Thank you for the response, it's great to be reminded I'm not alone. I don't feel like I can talk to my friends or family about all the details of this.
Quote from: DaddyBear77 on November 28, 2017, 09:51:34 PM
pnwguy, welcome. I'm really glad you found us.
First of all, I am so sorry to hear that you've had such a horrible few years - could you share more about what's going on? Life events can be stressful enough, but dealing with the emotional turmoil present in difficult relationships can make things so much worse.
I lost my job, we are having money problems, and lost our home to a flood. We're still dealing with the fallout of all of these.
Excerpt
Another question - how does it go when she brings up the previous mistakes and misunderstandings? Do you defend yourself? Do you try and explain why she's wrong about you, and how you didn't really do what she's accusing you of? What responses tend to "work" and what does "work" mean for you? Another period of calm?

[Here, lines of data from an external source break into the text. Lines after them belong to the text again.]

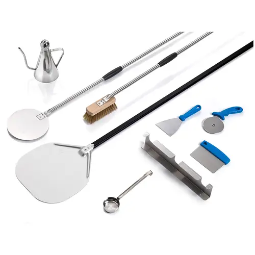 Faire de la pizza n’aura jamais été si facile ! Grâce au vaste jeu d’accessoires à pizza de Gi.Metal, vous aurez tout ce qu’il faut pour des pizzas cuites à point. Ce lot comprenant pelles à enfourner, brosse, roulette à pizza, verseuse à huile et racloir est tout ce dont vous aurez besoin pour des soirées à l’italienne réussies, que vous dévoiliez votre génie dans une cuisine collective, une pizzéria ou à la maison avec un four à bois.
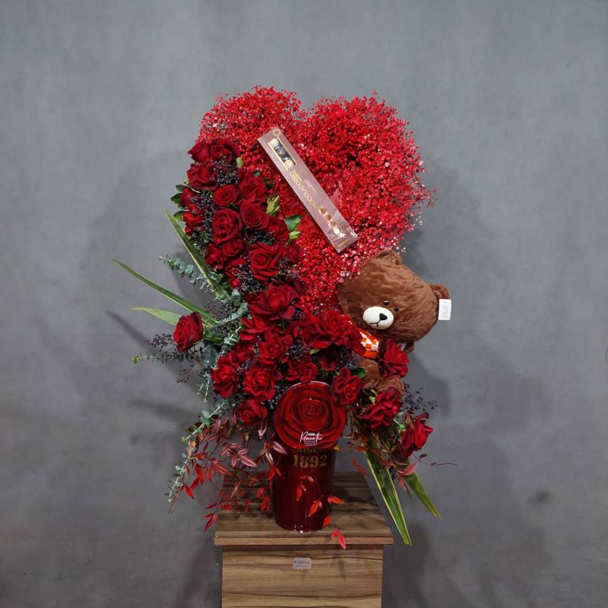 اما برای تو که سطل قرمز با رز قرمز با دیزاین ولنتاین را انتخاب کردهای،
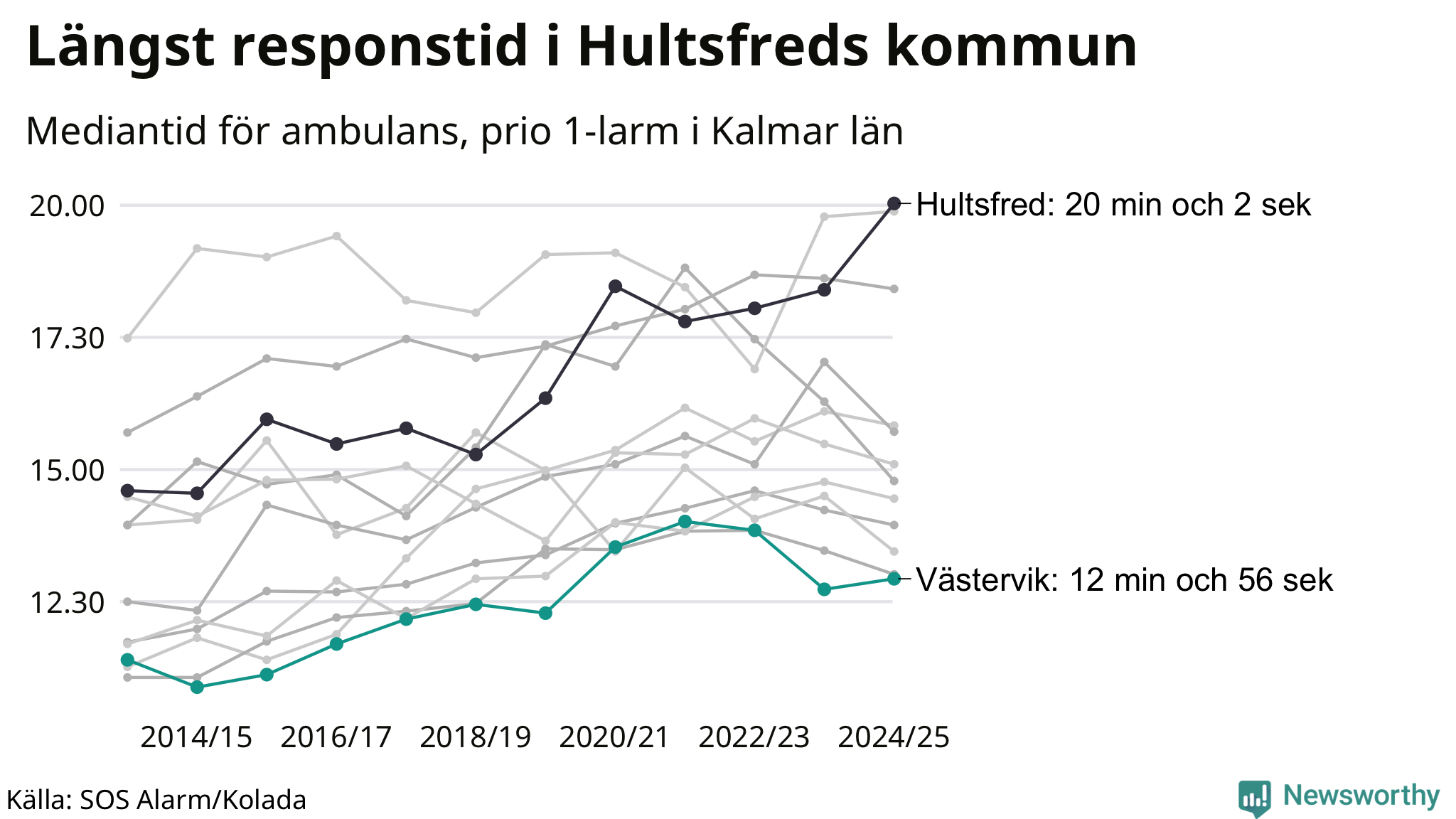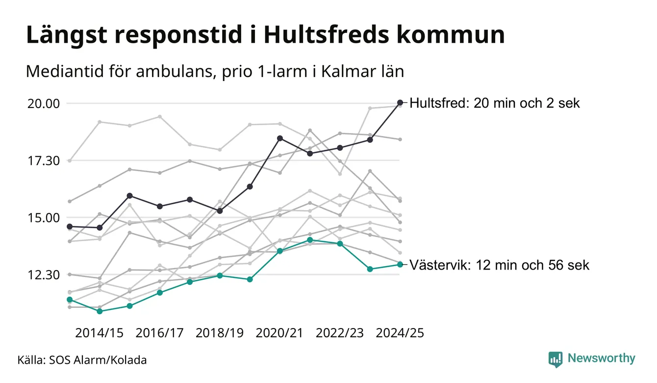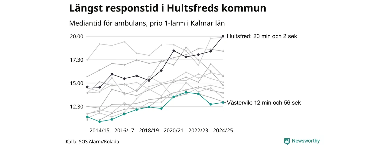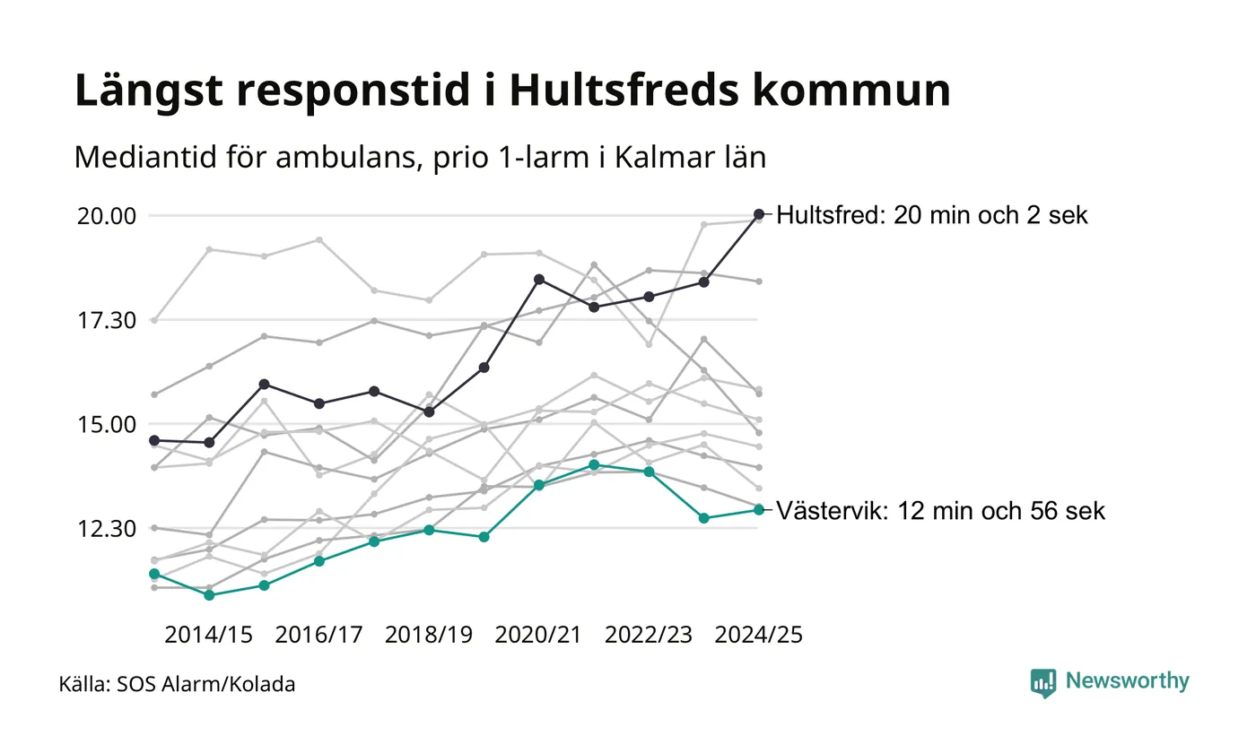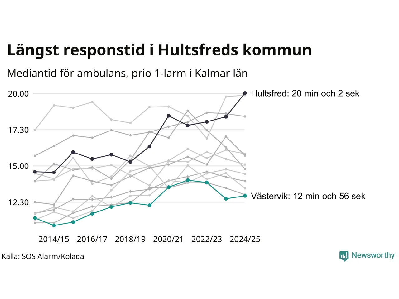 Bland kommunerna i Region Kalmar nåddes Västervik snabbast av ambulans under 2024/2025. Längst är väntetiden i Hultsfreds kommun: 20 minuter och 2 sekunder. Där har väntetiden har dessutom ökat med 1 minut och 38 sekunder sedan året innan.
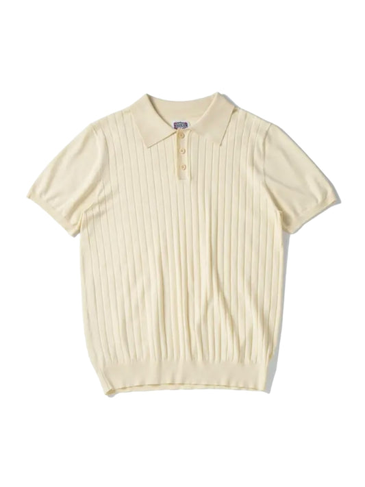 Cream Knit Cotton Cuffed Short Sleeve Shirt
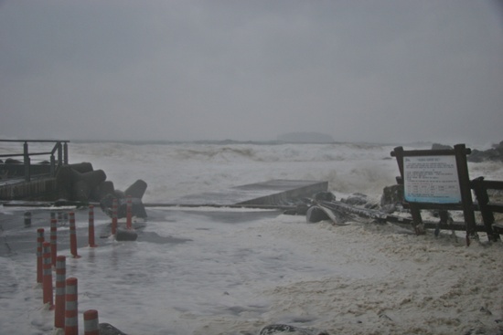 오후 3시를 기해 서귀포 지역에 가장 근접(서쪽 270km)한 무이파는 오후 7시40분 현재 목포까지 진출한 상태다. 하지만 초속 36m의 강한 바람은 여전히 서귀포에 영향을 미치고 있다.
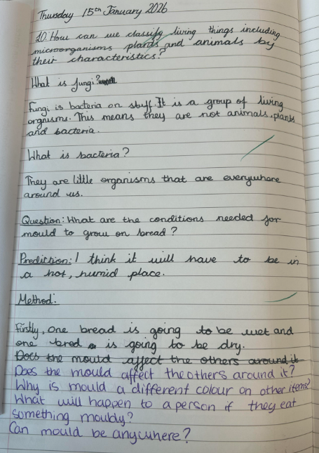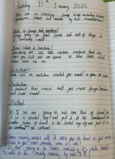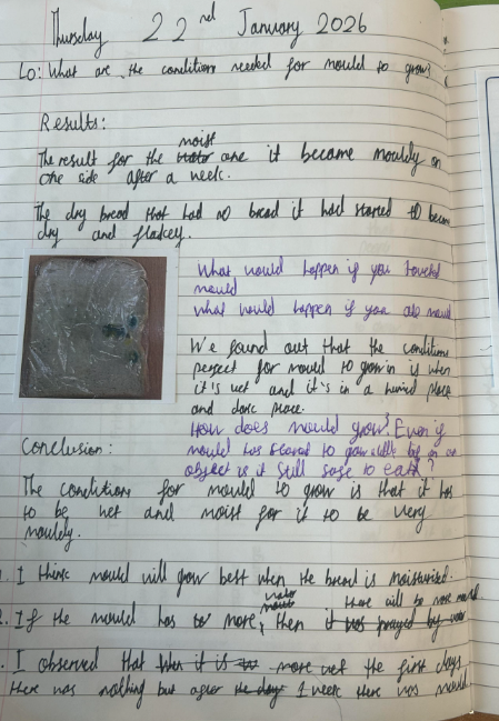 Over the week, Year 6 checked the bread daily, making detailed observations. They drew what the bread looked like on different days, wrote brief descriptions of the changes they noticed, and recorded questions that arose during the investigation in their science books. Year 6 discovered that mould grew on the damp bread but not on the dry bread, helping them to understand that moisture is an important condition for mould growth.
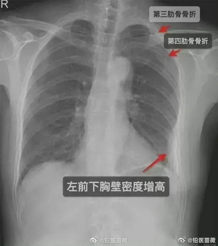 ទោះជាយ៉ាងណាក៏ដោយ ប្រាំថ្ងៃក្រោយមក ការឈឺចាប់នៅក្នុងទ្រូងកាន់តែខ្លាំងឡើង ដូច្នេះហើយ ទើបនាងសម្រេចចិត្តទៅមន្ទីរពេទ្យ ជាលទ្ធផលក្រោយពីការថតកាំរស្មីអ៊ិច គេបានរកឃើញថា នាងមានការបាក់ឆ្អឹង៣ចំណុច ដែល២កន្លែងនៅឆ្អឹងជំនីខាងស្តាំ ចំណុចមួយទៀតគឺនៅផ្នែកខាងឆ្វេងនៃឆ្អឹងជំនី។
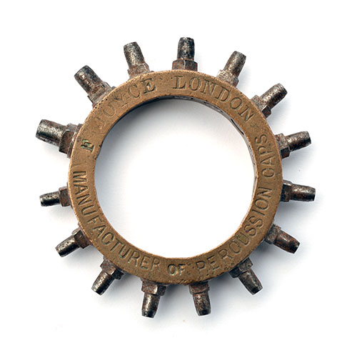 circa 1855, used for establishing the size of required cap, manufactured as a brass ring fitted with dummy nipples of graduating size around the circumference and signed 'F. JOYCE LONDON, MANUFACTURERS OF PERCUSSION CAPS' on one side, the reverse side with the identification numbers relevant to the cap-size
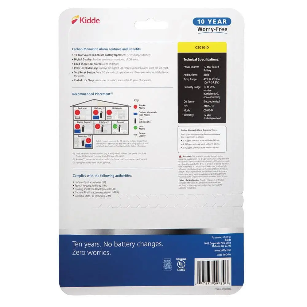The Kidde 10-Year Worry-Free Carbon Monoxide Detector is designed for easy installation and reliable protection. It alerts your family to elevated carbon monoxide levels in your home. For optimal safety, carbon monoxide alarms should be installed outside each sleeping area and on every level of your home. Additional alarms are recommended 5–20 feet from CO sources such as furnaces, water heaters, or fireplaces. Powered by a 10-year sealed, non-replaceable lithium battery, this alarm requires no hardwiring or battery replacements. The digital display updates CO levels every 15 seconds for added peace of mind. Replace the unit after 10 years of use.
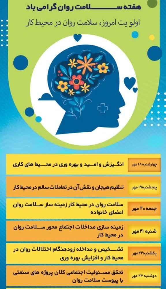 روز جهانی بهداشت روان و هفته ملی سلامت روانکارشناس روابط عمومی28 مهر 1403متن پیام رئیس مرکز بهداشت استان به مناسبت فرارسیدن روز جهانی بهداشت روان ... اطلاعات بیشتر
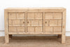 The rich, natural grain of the elm—a wood prized for its strength and expressive texture—is beautifully highlighted by its bleached patina. The three panel doors, with their subtle geometric relief, speak to a tradition of understated elegance. This piece stands as a quiet tribute to the artisans who built it, carrying its heritage with a powerful, grounded presence.
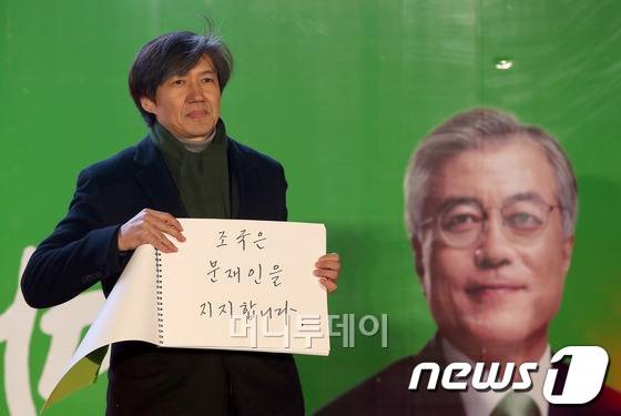 이어 무대에 오른 조국 서울대 법학전문대학 교수는 영화 '러브액츄얼리' 속 스케치북 프로포즈를 패러디하며 문 후보에 대한 지지를 선언했다. 그는 "조국은 문재인을 지지한다"며 "'정글'이 된 대한민국을 바꿀 수 있는 의지와 능력을 갖추었기 때문이다"라고 말했다.
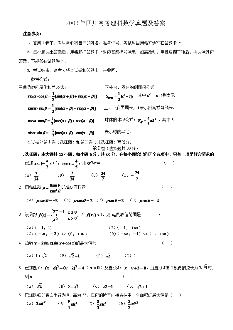 【文档名称】 2003年四川高考理科数学真题及答案(Word版).doc
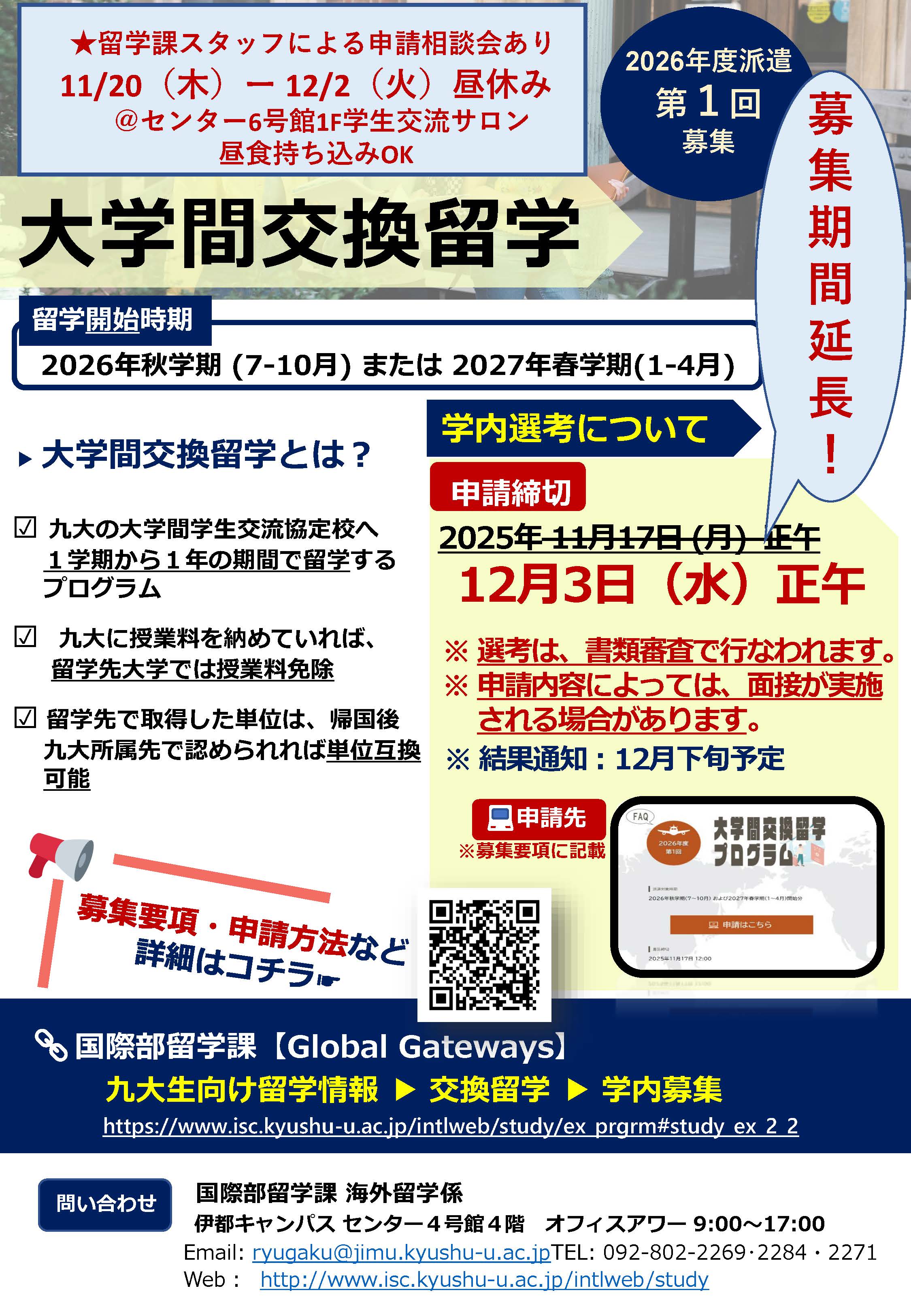 国際部留学課海外留学係より、2026年度大学間交換留学派遣第1回募集の締切延長のお知らせです。
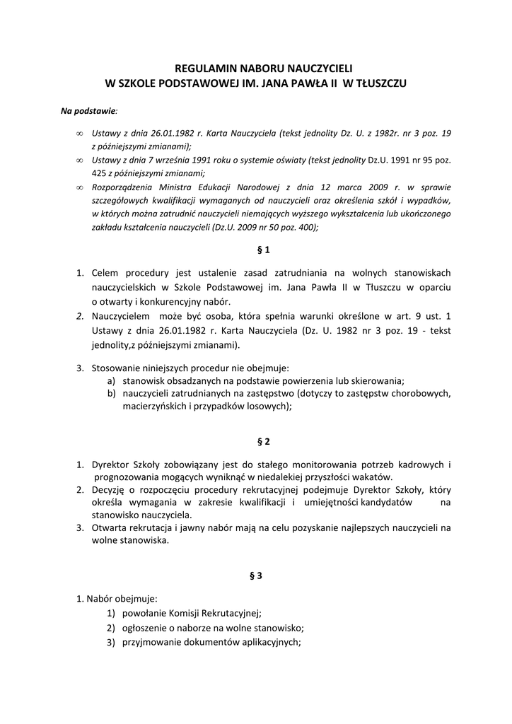 regulamin naboru na wolne stanowiska nauczycieli

I don't think I have very good strategies for any of this. Some of the mistakes are real mistakes, and some aren't. The thing that I struggle with is that she impugns my motives with suggestions that it's all on purpose, and because I don't actually love her, and that is very hard to sit and listen to, so at some point I become unable to stop from trying to clarify things. I guess this is probably not a great approach, because it never seems to get anywhere.
Excerpt
And lastly, you say that "she will be so much more damaged by [you] taking care of [your]self" - can you explain this statement a little bit? Something I struggle to internalize, even though I know it's absolutely true - your wife may have opinions about whether or not you get self care, but getting self care is entirely up to you. The only "damage" that's likely to come from self-care is the breaking of the current cycle of conflict and hurtful behavior - i.e., you will probably not stand for it anymore, and she'll likely push back hard on that, because it's "working" for her.
I've been trying to take breaks from fights in order to let myself calm down--I've been losing control of my emotions a lot lately as these endless circular arguments drag on--but she tries to turn me needing 20 minutes to cool off as abandonment of her and me putting my needs before her needs, because she doesn't feel like she can tolerate even a short break.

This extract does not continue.